:: SUPPLIED INFORMATION
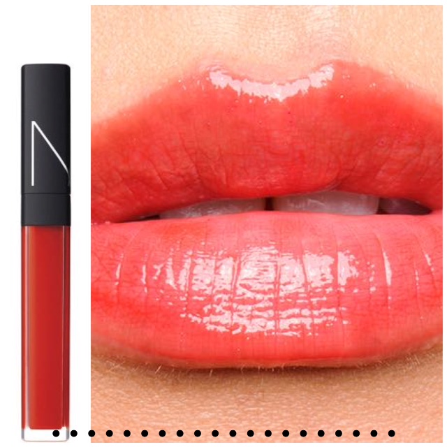 Nars Eternal Red Lip Gloss. Es un color brillante rojo/anaranjado con tonos cálidos, cremosos y acabado brillante.
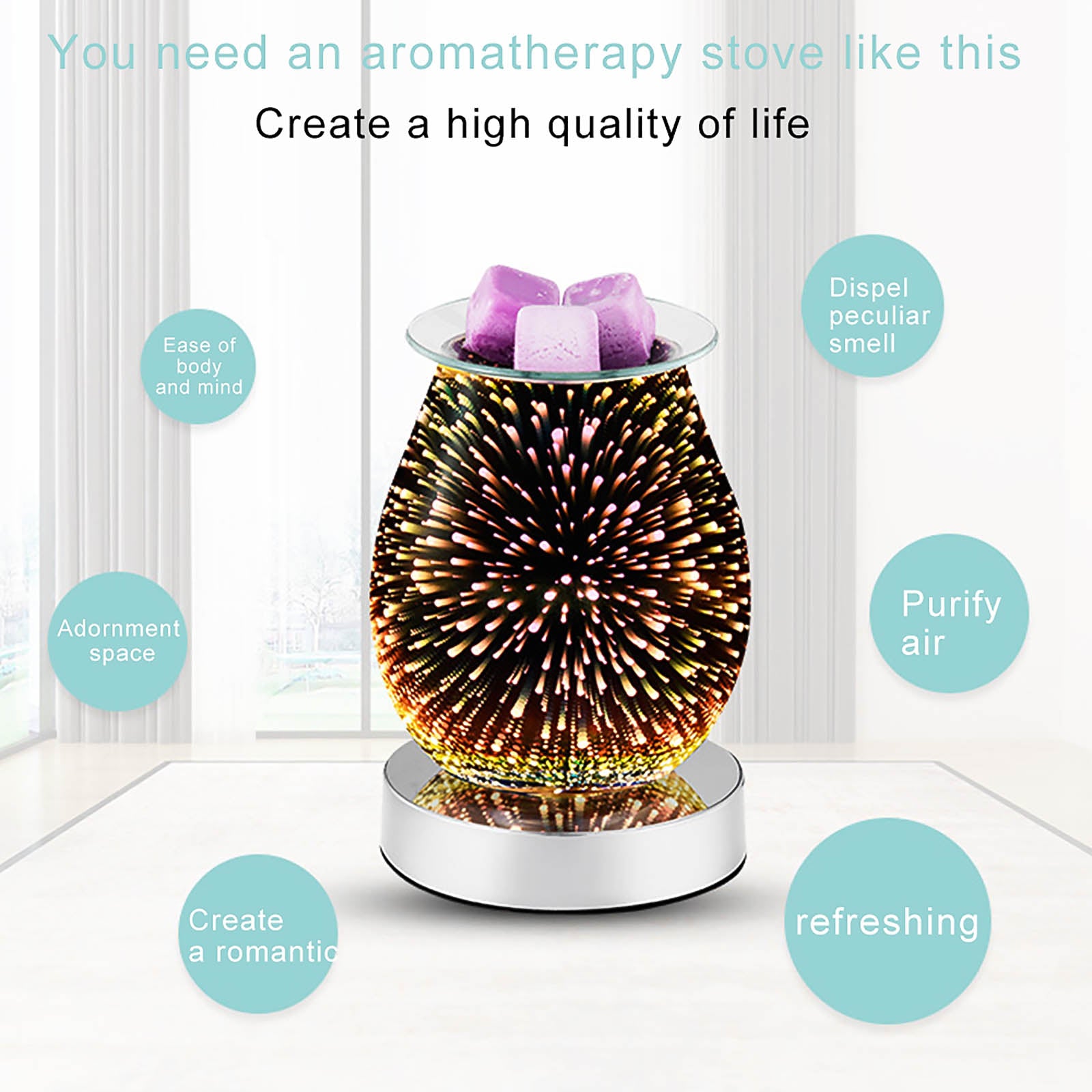 3D Fireworks Effect Touch Aromatherapy Machine Electric Wax Melter Smokeless Aroma Lamp Essential Oil Burner Aroma Accessories
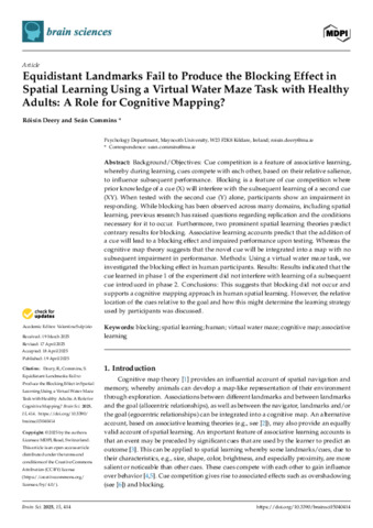 Deery, Róisín and Commins, Sean (2025) Equidistant Landmarks Fail to Produce the Blocking Effect in Spatial Learning Using a Virtual Water Maze Task with Healthy Adults: A Role for Cognitive Mapping? Brain sciences, 15 (4). ISSN 2076-3425
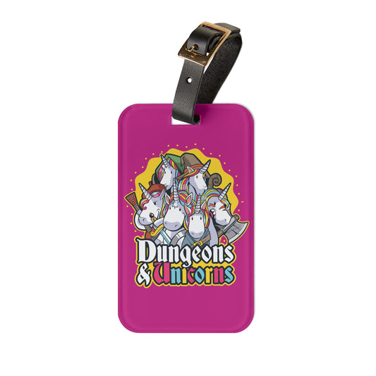 Dungeons and Unicorns Luggage Tag | Funny Unicorn Lover Baggage ID | Nerdy Parody Travel Accessory | Fantasy Roleplaying Gift Magical Fans
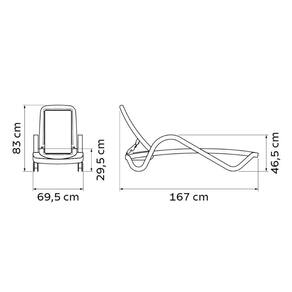Mais informações - Peso Máximo Recomendável: 140 kg.Material: Resina de polipropileno injetado.Tela: PVC e poliéster com proteção anti-uv.Empilhável até: 10 peças.Inclina até: 4 posições.Com Compartimento e Rodas.Resina Reciclável.
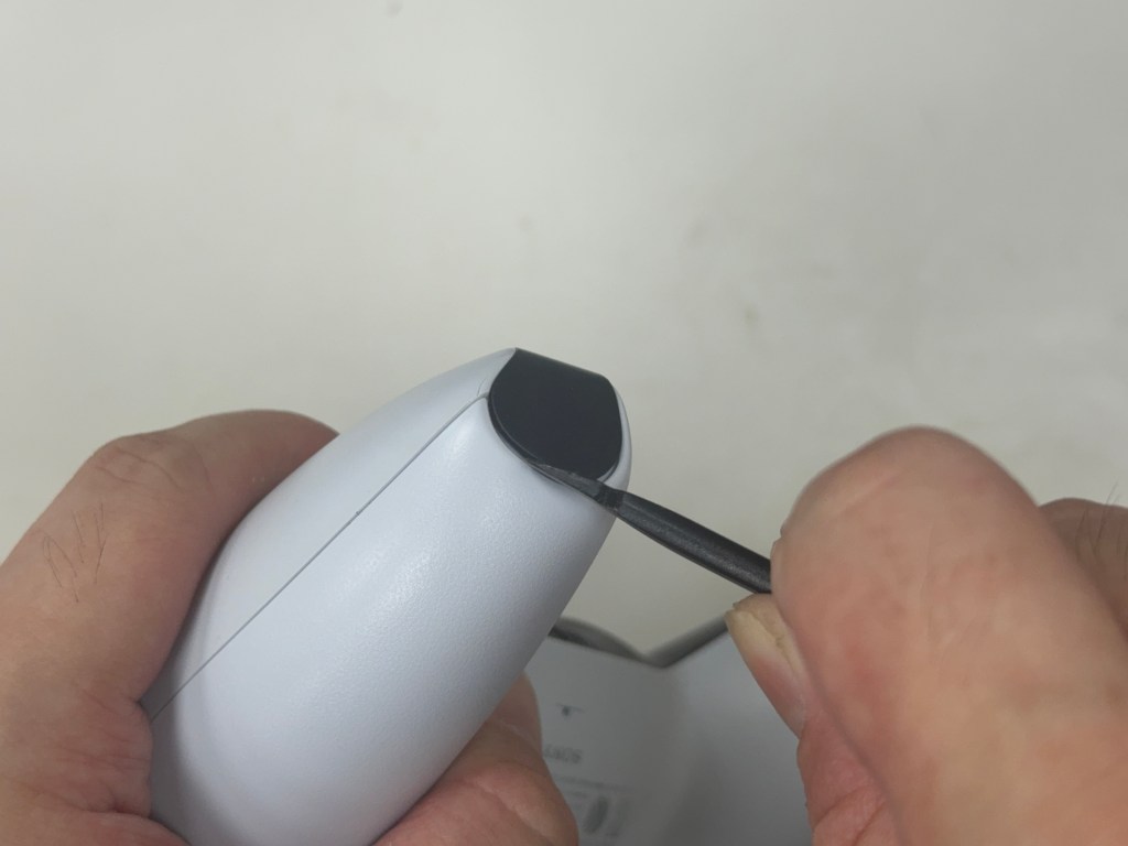 4.這兩個卡榫要撬開才能分離上蓋跟下蓋,從左右任一邊 先稍微分離上下然後用翹棒去稍微推開卡榫的位置,讓一個卡榫分離掉,再用翹棒一樣稍微推開就可以了
::::
▶ [EXERCISE INSTRUCTIONS]: Restate the records word for word and drop the images.

▶ [FINISHED EXERCISE]:
 Nars Eternal Red Lip Gloss. Es un color brillante rojo/anaranjado con tonos cálidos, cremosos y acabado brillante.
 3D Fireworks Effect Touch Aromatherapy Machine Electric Wax Melter Smokeless Aroma Lamp Essential Oil Burner Aroma Accessories
 Deery, Róisín and Commins, Sean (2025) Equidistant Landmarks Fail to Produce the Blocking Effect in Spatial Learning Using a Virtual Water Maze Task with Healthy Adults: A Role for Cognitive Mapping? Brain sciences, 15 (4). ISSN 2076-3425
 Dungeons and Unicorns Luggage Tag | Funny Unicorn Lover Baggage ID | Nerdy Parody Travel Accessory | Fantasy Roleplaying Gift Magical Fans
Mais informações - Peso Máximo Recomendável: 140 kg.Material: Resina de polipropileno injetado.Tela: PVC e poliéster com proteção anti-uv.Empilhável até: 10 peças.Inclina até: 4 posições.Com Compartimento e Rodas.Resina Reciclável.
 4.這兩個卡榫要撬開才能分離上蓋跟下蓋,從左右任一邊 先稍微分離上下然後用翹棒去稍微推開卡榫的位置,讓一個卡榫分離掉,再用翹棒一樣稍微推開就可以了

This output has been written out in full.